Борун был могучего роста сержант, дослуживал последний год, и его побаивались. Он удобно сидел на кипе прессованного сена, курил и требовал, чтобы Синюшкин произнес цитату из инструкции без единой запинки. А Синюшкин при всем своем желании не мог не заикаться.
Василий Алафеев, только что прибывший в стройбат для перевоспитания из саперной части, слоняясь по территории в ожидании писаря, решил поглядеть на лошадей и забрел в конюшню. Минуту он слушал, как Борун читает инструкцию, а Синюшкин плачет. Потом узкое лицо Алафеева перекосилось, веки опустились, срезав бледный зрачок посередине, жилистые кулаки сжались; он бесшумным шагом подошел к Боруну сзади и пихнул ногой в спину. Пока тот поднимался с пола, в конюшне сгустилась тишина и даже лошади перестали хрумкать. И в этой тишине Алафеев сказал негромко:
— Слышь, в водовозной бочке вода замерзла. Как бы не разорвало бочку-то…

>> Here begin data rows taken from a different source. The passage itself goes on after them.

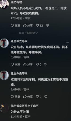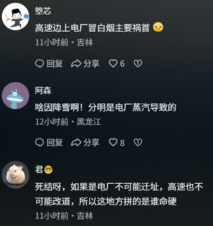 官方说法引发网友不满。不少当地网友留言表示,“啥因降雪啊!分明是电厂蒸汽导致的。”
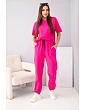 Dámská souprava tričko s krátkým rukávem a teplákové kalhoty je ideální nabídka pro ženy, které si cení pohodlí a módního sportovního stylu. Vyrobená z vysoce kvalitní bavlny s příměsí elastanu zajišťuje vynikající prodyšnost a pohodlí při nošení po celý den. Tričko volnějšího střihu a s krátkým rukávem se skvěle přizpůsobí postavě, zaručuje volnost pohybu a casual vzhled. Kalhoty mají elastický pas s možností přizpůsobení, takže se dokonale přizpůsobí postavě. Navíc zúžené nohavice zakončené pružným lemem dodávají celku moderní charakter. Souprava se výborně hodí jak na každodenní nošení, při procházkách, nákupech, tak i v domácím prostředí. Můžete ji nosit jako komplet nebo kombinovat jednotlivé díly s jiným oblečením a vytvářet různé stylizace. Italská výroba je zárukou kvality a pečlivého provedení.
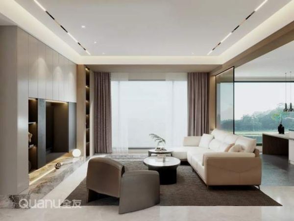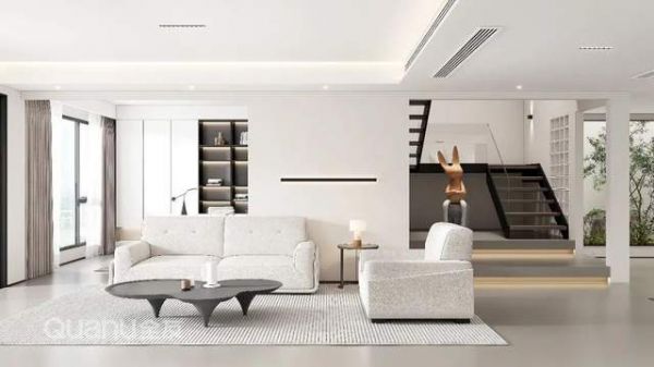 如果想将沙发墙背后的空间做成开放或半开放式,那么常规的沙发背景墙可以以保留一半墙体的形式呈现,隔而不断的设计可以有效分割空间,又能提升空间的高级感。
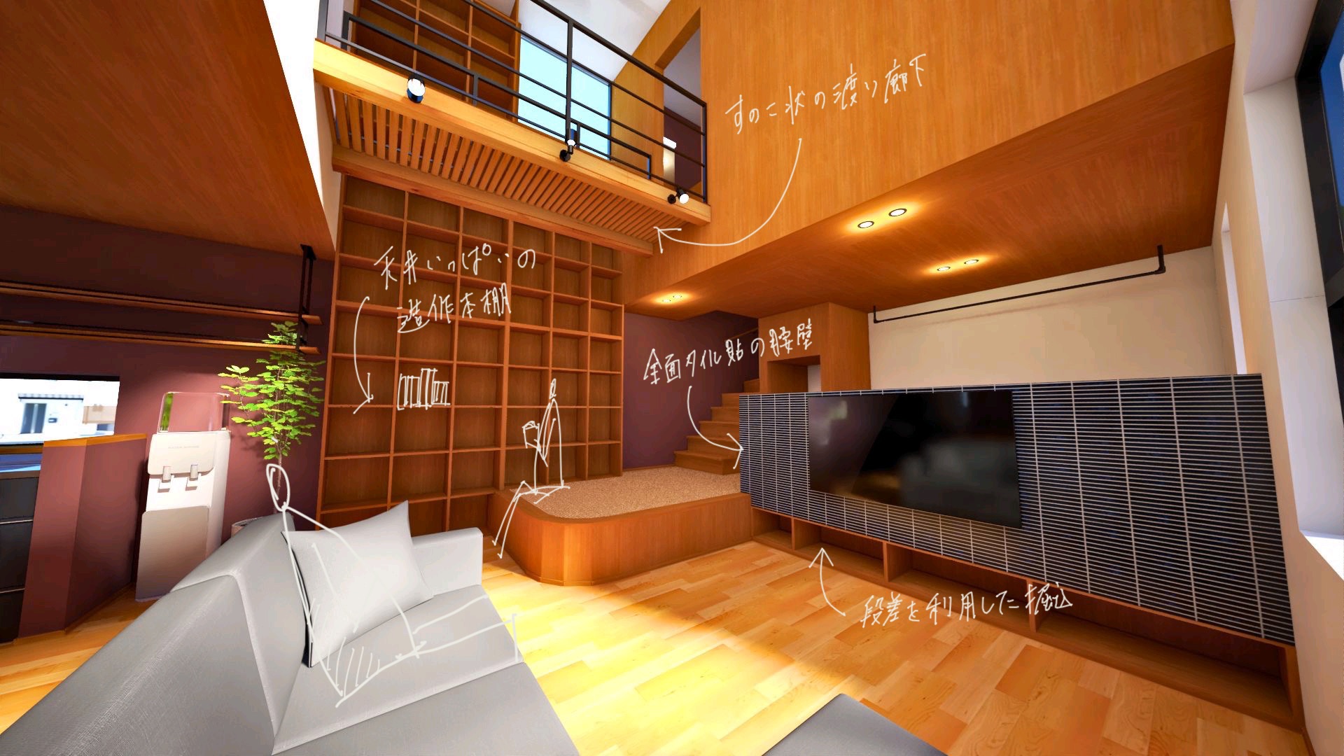 また、TVを設置する壁面には、腰壁の全面にタイルを張り付けました。これにより、奥にあるスタディーコーナーとは別空間のように感じられると同時につながりを感じることができます。スタディーコーナーとの段差を利用して、レコーダーやゲーム機などを設置するためのスペースを確保することもできます。
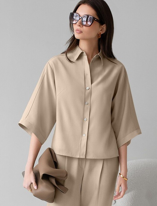 Совместные покупки Пермь Женская одежда Блузки, рубашки — 22.03 Vilatte Блузка с широкими рукавами 3/4 из плотного лиоцелла D29.354 светл
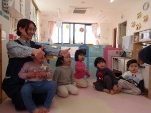 絵カードを使ってどんな顔?何色?ゲームをしたり、
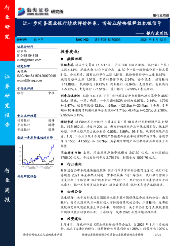 【渤海证券】【20210115】进一步完善商业银行绩效评价体系,首份业绩快报释放积极信号-21页
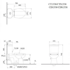 Thông số của bàn cầu CAESAR CTS1338 thùng T1138
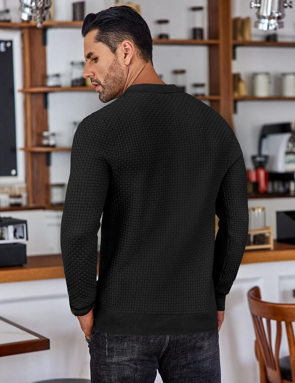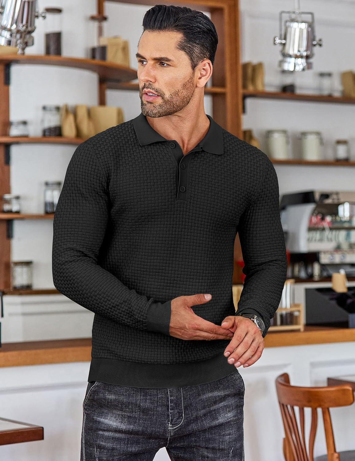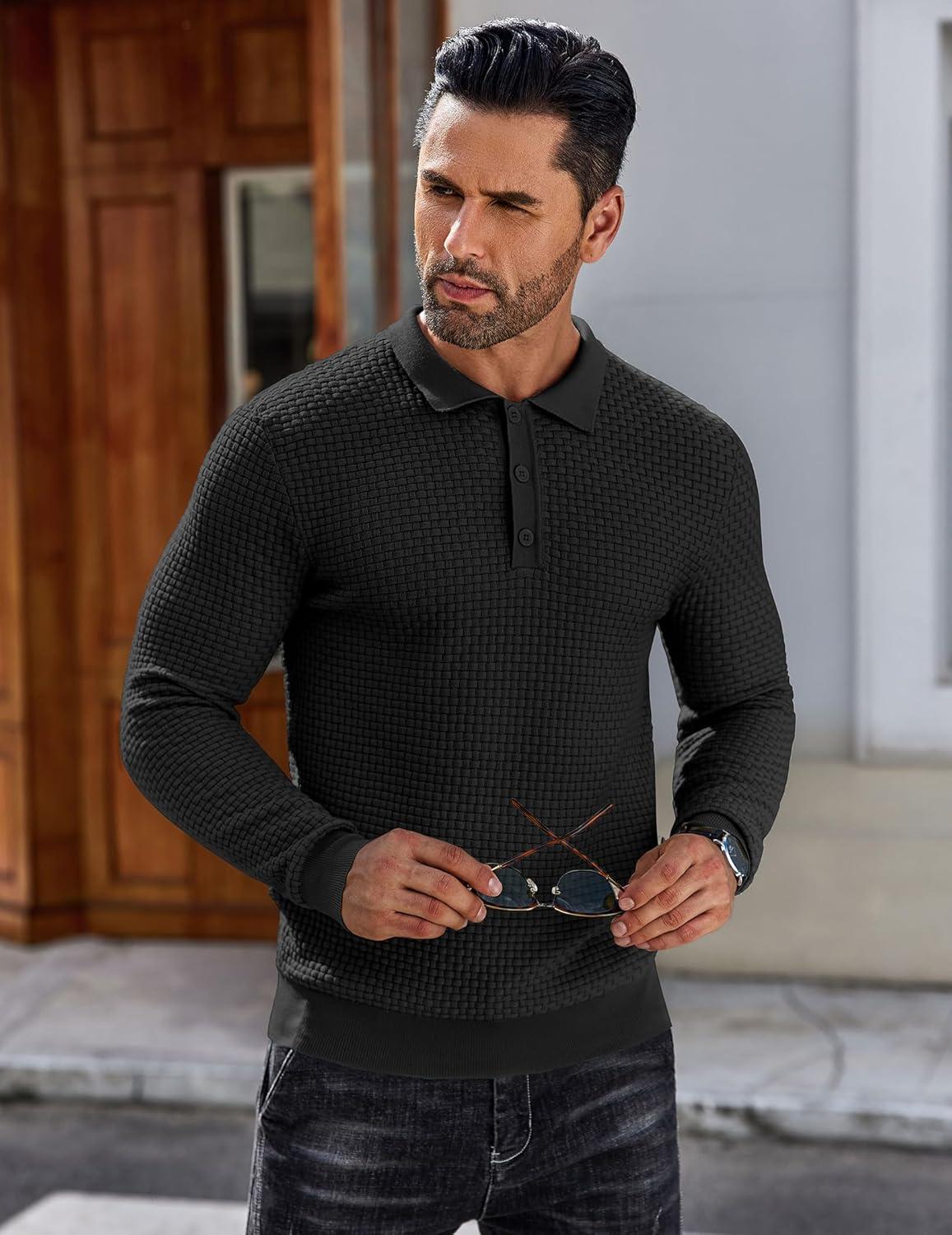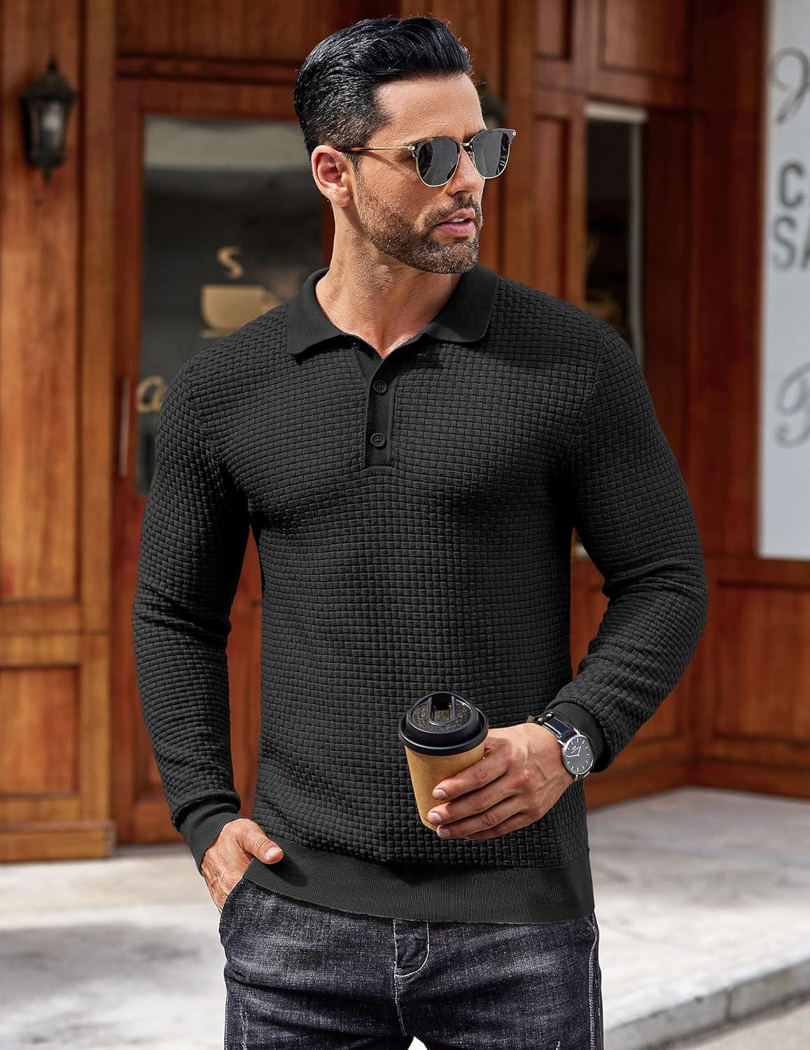 COOFANDY Men’s Knit Polo Shirts Long Sleeve Sweater Polo Lightweight Fashion Casual Collared Shirts(Black)
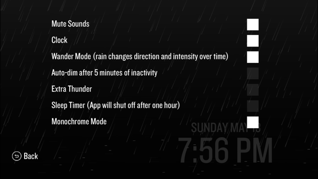 -- 变化模式:Just Rain 能够随着时间自动改变雨水的方向和强弱,声音也会随之改变。帮助您在睡眠时享受不断变化的雨声。
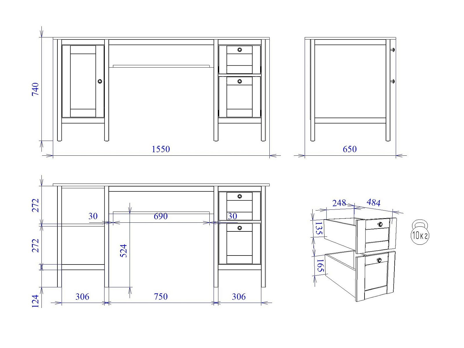 Макс.нагрузка на ящик (кг): 10

Вместо лица у Алафеева все еще была неподвижная маска, и веки срезали зрачки, делая взгляд страшным. И Боруну ясно стало, что человек этот сейчас ничего не видит, не понимает, и нет для него на свете сейчас ничего запретного, никаких законов. И ясно еще было, что такое состояние безудержной ярости любо этому человеку, что он бережет его в себе, не хочет расставаться с ним и может вызывать его в себе в любой нужный момент. Борун понял все это в доли секунды, потому что отработал с личным составом годы. Он знал, что таких пареньков ни гауптвахтами, ни даже трибуналом устрашить нельзя. Ненавидеть их следует тихо и при первой возможности списать к чертовой матери, а списывая — свести счеты листком характеристики… Поэтому Борун только засмеялся.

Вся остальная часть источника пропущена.